Amarenco P, Callahan A, Campese III VM, Goldstein LB, Hennerici MG, Messig M, et al. Effect of High-Dose Atorvastatin on Renal Function in Subjects With Stroke or Transient Ischemic Attack in the SPARCL Trial. Stroke. 2014
Chronic kidney disease (CKD) shares many risk factors with cerebrovascular disease – principally hypertension, diabetes, and dyslipidemia. Lowering low-density lipoprotein (LDL) cholesterol in patients with dyslipidemia and coronary artery disease or diabetes has been shown to be renoprotective in addition to reducing cardiovascular events. CKD has several implications for patients with cerebrovascular disease including conferring an increased risk for stroke and being an independent predictor of mortality and outcomes after stroke. Thus, CKD, which is also a global public health problem, should also be of interest to neurologists.
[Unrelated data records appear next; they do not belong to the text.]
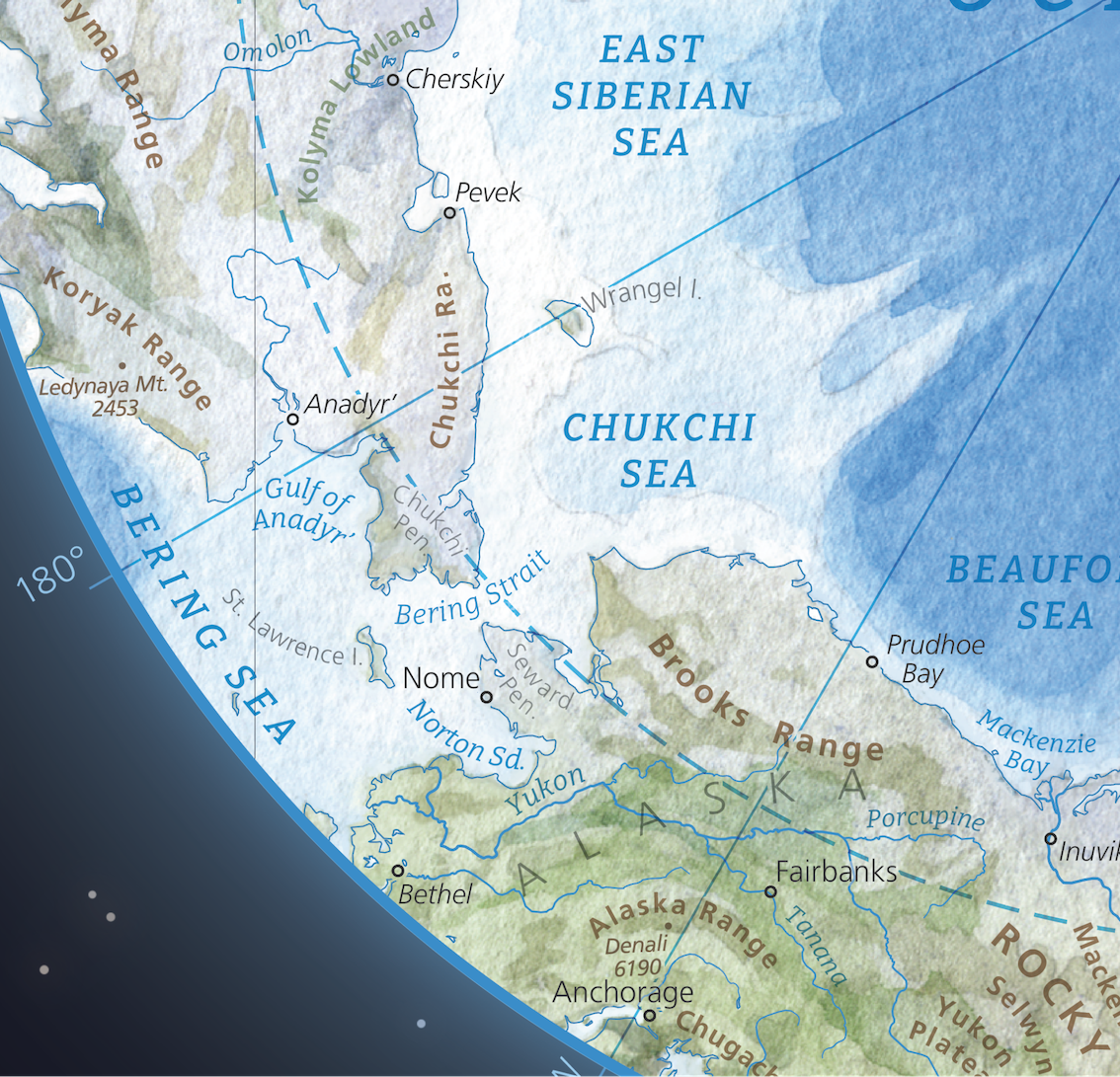 Карта выше — пример того, как много информации могут давать шрифты. С помощью цвета можно различить города (подписаны черным цветом), элементы рельефа (подписаны коричневым) и водные объекты (подписаны синим). С помощью размера и стиля шрифта считывается информация об иерархии: размер шрифтов морей больше, чем у заливов, а у заливов больше, чем у рек.
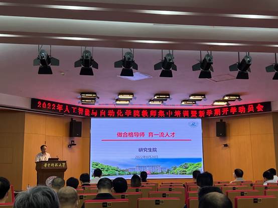 紧接着,永利集团官网曹治国教授对于研究生培养工作进行了交流演讲。曹教授说明要以完成科研项目、培养创新能力为导向,同时提出录取前与同学面谈的两个要点:招收自己适合的学生、了解学生的特点。他也从入学前的教育、读研时的培养以及遇事时的帮助三个方面展开论述,旨在为全体研究生同学提供更有针对性、更为精准的教学服务支持。
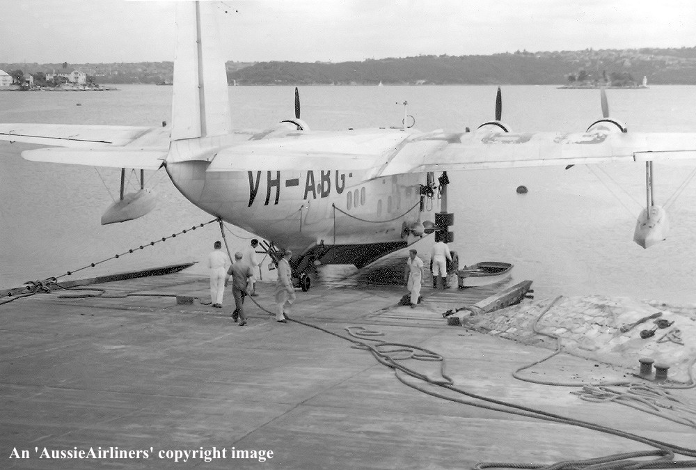 VH-ABG. Qantas Empire Airways - 'Coriolanus' in the standard livery at Sydney Rose Bay, January 08, 1948. Mr R. Banks supervises the beaching of the aircraft for the last time. (Qantas Heritage Collection Copyright Image 2545-244.) |
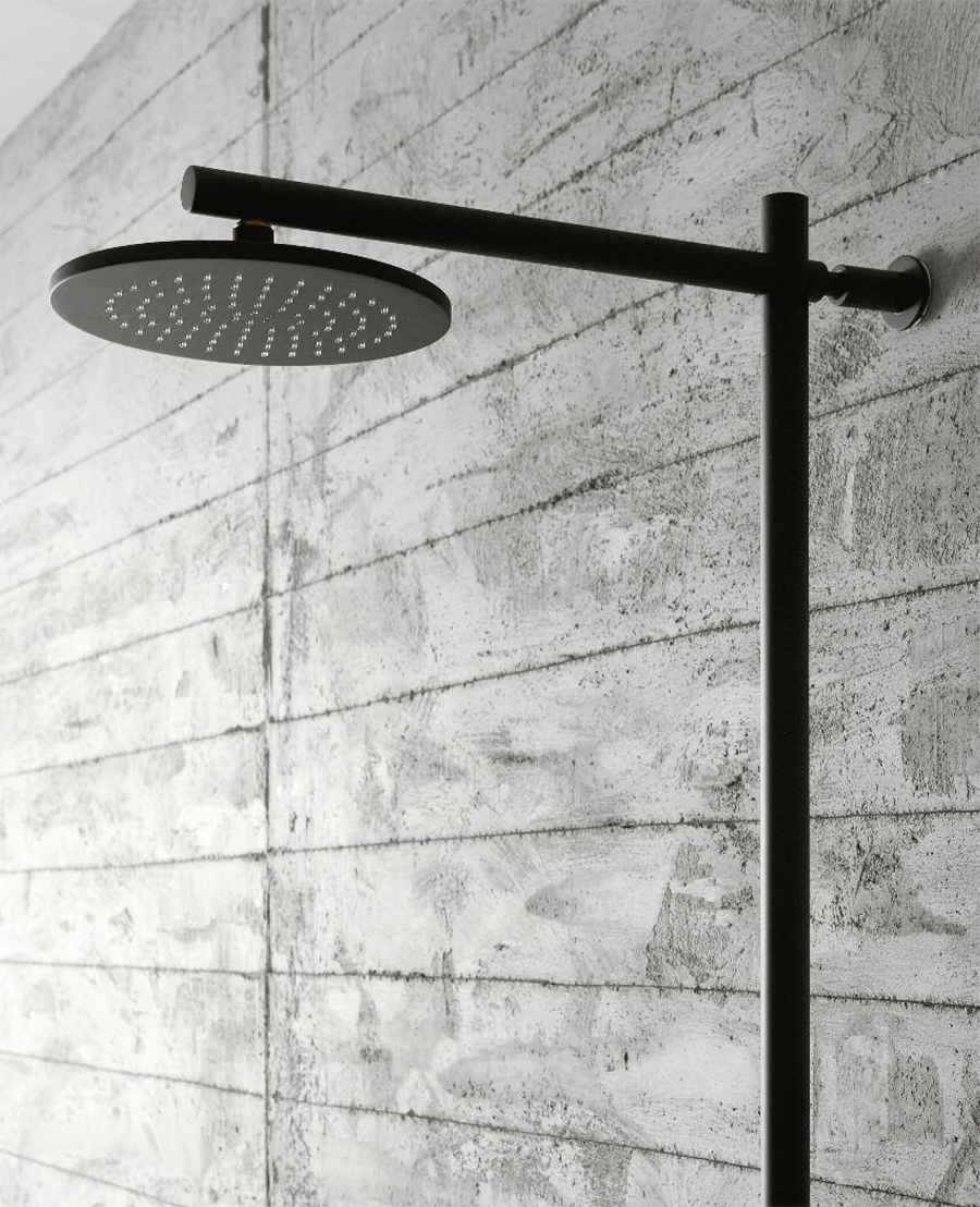 Colonna doccia Zazzeri Showers 2900SO07A00+2900T608A01+2900AM04A00 3131 Miscelatore termostatico soffione anticalcare ispezionabile tondo Ø220 mm doccetta finitura nero parete bagno garanzia 10 anni made in italy
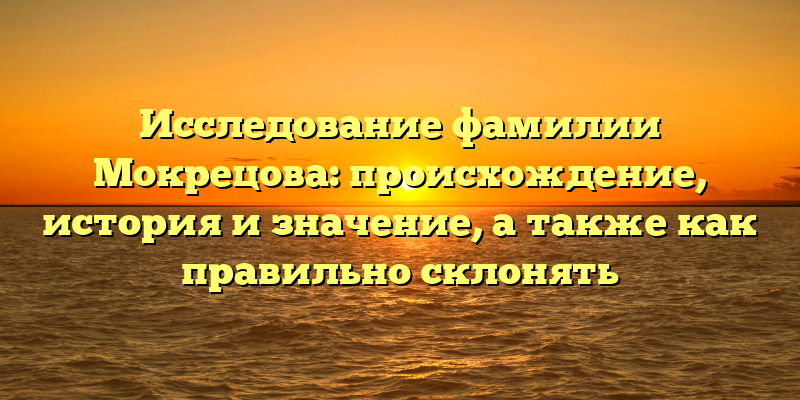 - История и происхождение фамилии Мокрецова: узнайте о ее значении и правильном склонении в нашей статье!
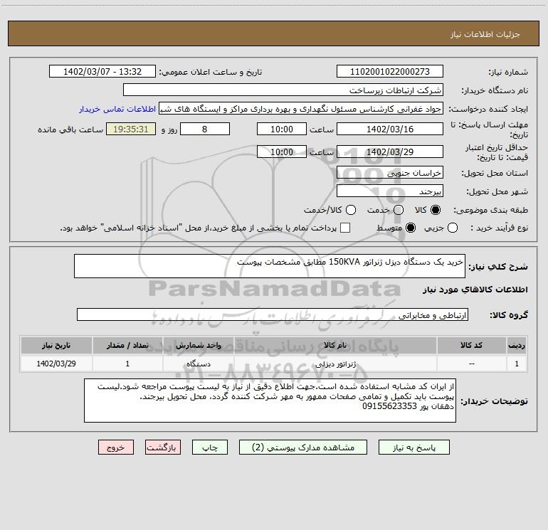 شرح کلی نیاز: خرید یک دستگاه دیزل ژنراتور 150KVA مطابق مشخصات پیوست
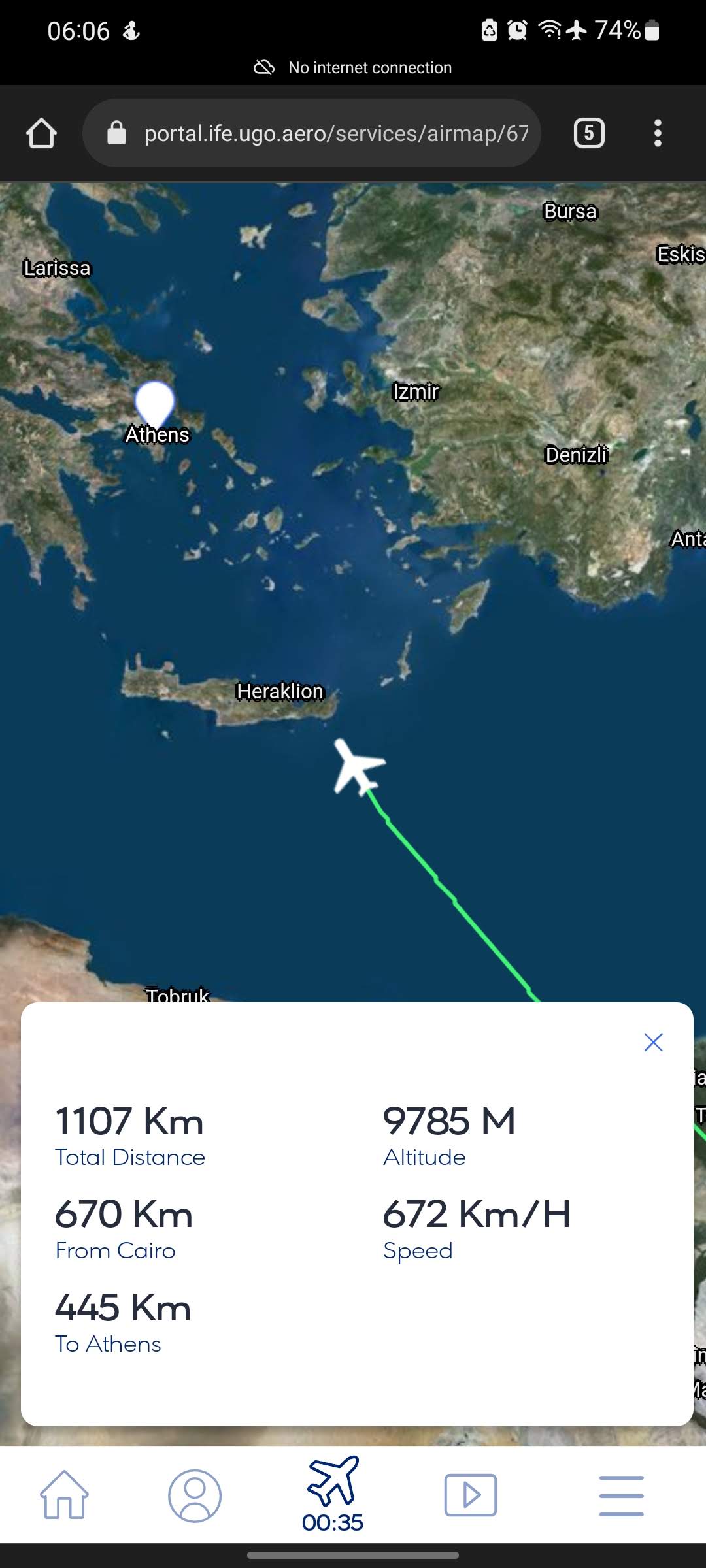 AEGEAN – Klasa Biznes w Airbus A321neo Kair – Ateny – system rozrywki pokładowej (IFE) via WiFi – mapa
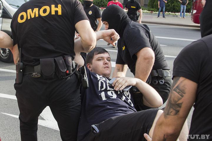 Участники акции около 18.00 собрались возле сцены у театра эстрады в городском парке, где проходил праздничный концерт ко Дню независимости. Уже через несколько минут правоохранители задержали первого участника акции: милиционеры подошли к компании молодых людей, которые сидели на лавочке возле сцены, вывели одного из парней и усадили его в микроавтобус.
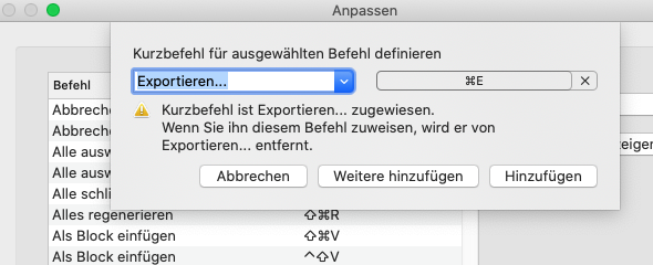 Anmerkung: Wenn die Tastaturkürzel bereits einem anderen Befehl zugewiesen sind, wird eine Meldung angezeigt, die angibt, für welchen Befehl die Tastaturkürzel verwendet werden.
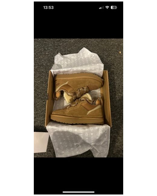 This UGG Lowmel Chestnut trainer is a women's shoe in UK size 5, featuring a low top design with a lace-up closure. Crafted from brown suede, it offers a standard shoe width and is part of the UGG Classic product line. Ideal for the winter season, these boots combine style and comfort for everyday wear. The UGG brand is known for its quality and this model, released between 2010-Now, is a classic choice for those seeking a versatile and fashionable sneaker option.
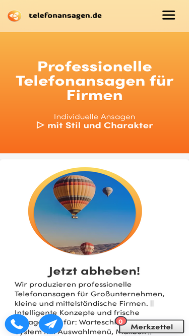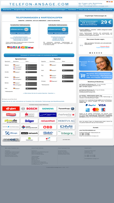 87%Telefonansagen, AB-Ansagen, Warteschleifen, Mailboxansagen. Individuelle Produktionen – gratis Musik.

This study is consistent with prior reports suggestive of the idea that statin treatment is nephroprotective in high-risk patients with vascular disease. In the SPARCL patient population, an effect was seen within a year and is maintained for the 5 years of follow-up. Its important to note that the study cohort also had adequate blood pressure control and appropriate management of other vascular risk factors. Also, a small number of patients in this study had stage 4 or 5 CKD, so it is difficult to assess if 80mg atorvastatin treatment could benefit those with more severe renal dysfunction. Though the degree of improvement in GFR may seem modest, this is just another reason to use high intensity statin (atorvastatin) after non-cardioembolic stroke/TIA.